Kevin Flynn (Jeff Bridges) literally becomes a hacking program called Clu that with the help of Tron (a security program played by Bruce Boxleitner) and Yori (another computer program played by Cindy Morgan) must expose Sark's plans for domination. Sark (David Warner, who also plays Flynn's corrupt boss) is the command program whose ambition is to control the Pentagon, the Kremlin, and China.

Cold war paranoia, groundbreaking visual effects, and an admirable attempt to interpret the new paradigm of communication and security make Tron an absolute sci-fi classic.



1) The Matrix (1999)

It was just not possible that the most massive, accurate and elaborated hacking of the whole sci-fi genre would end up in another place of this list on hacker movies.

A history of hacking and counter-hacking between humans and machines, with deep and complex philosophical and religious themes that thanks to the Wachowski's narrative genius resulted in a fantastic blockbuster full of explosions, martial arts, and groundbreaking special effects. Mr. Anderson from hacker "nerd" to Neo a reality hacking superhero.

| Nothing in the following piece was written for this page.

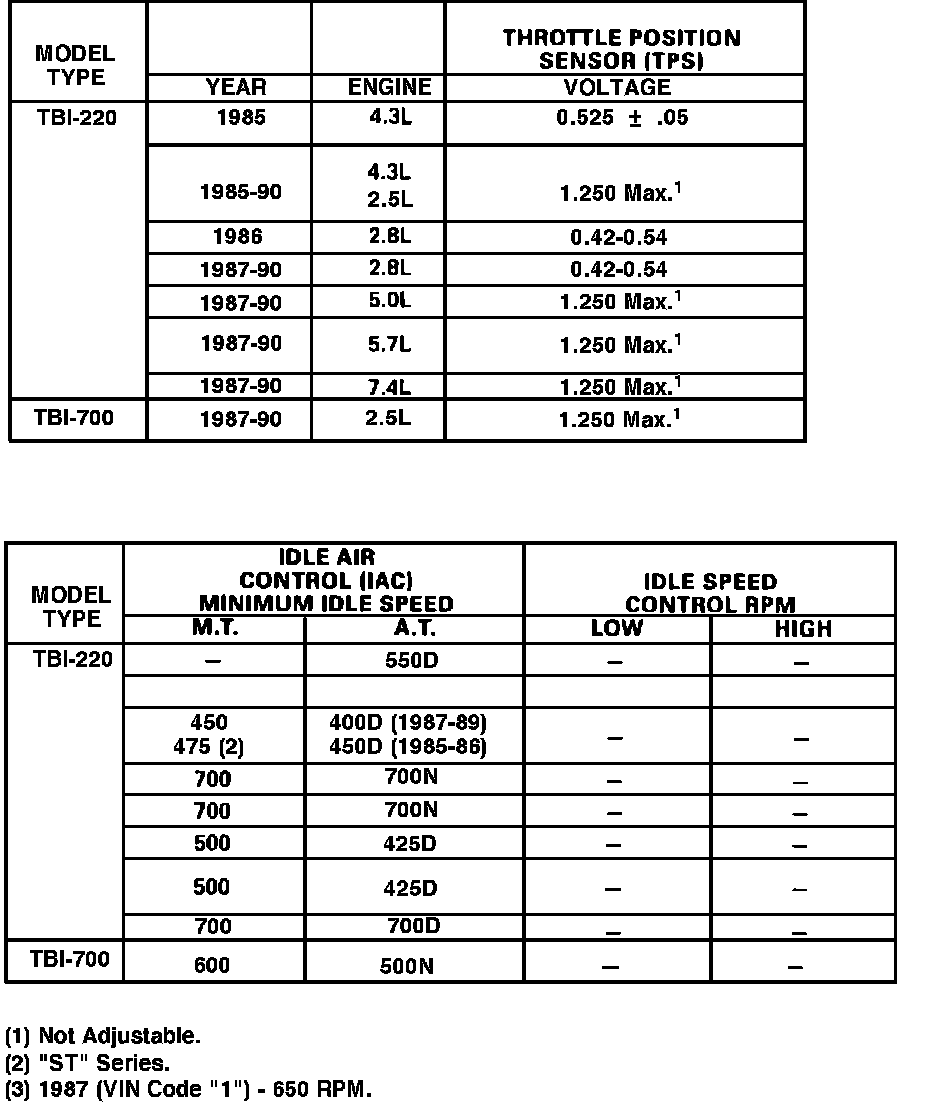 Fuel Injection Specification Chart.:

Already too much has been written about The Matrix, an absolute gem of cinema. It's time to rewatch it for the 40th time and enjoy it in the same way as in its premiere.

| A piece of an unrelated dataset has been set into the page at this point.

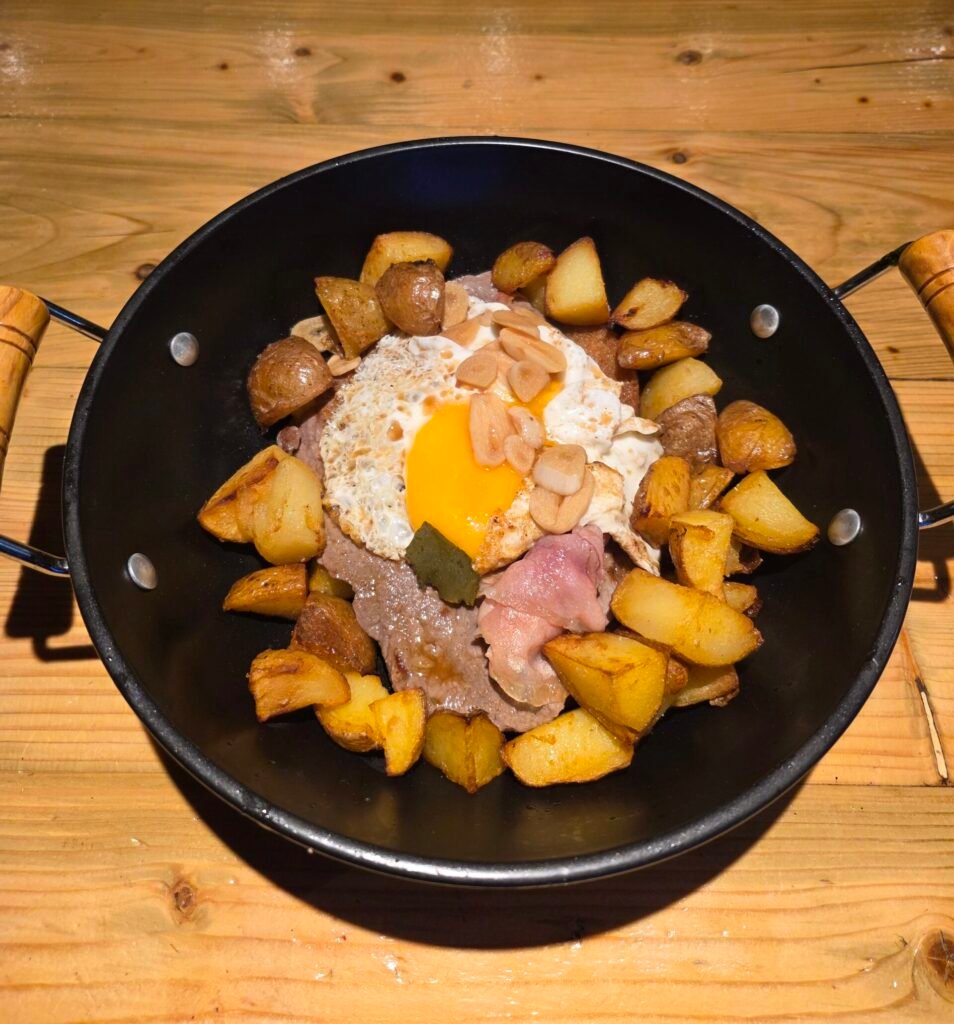 Patatas bravas cortadas a mano con salsa del chef al estilo AL ALBA (algo picante).

As always, there are a handful of movies that could have entered the list. Among them are:

  • Antitrust (2001)
  • The Net (1995)
  • MI4: Ghost Protocol (2011)
  • Goldeneye (1995)
  • Snowden

However, our biggest audiovisual recommendation is, by far, the TV Show Mr. Robot. There is just no better, more real, and detailed portrait of hacking in cinema. Yes, it’s a TV show. But come on, it's 2017 and the barrier between TV and movies has been very blurry for a while now.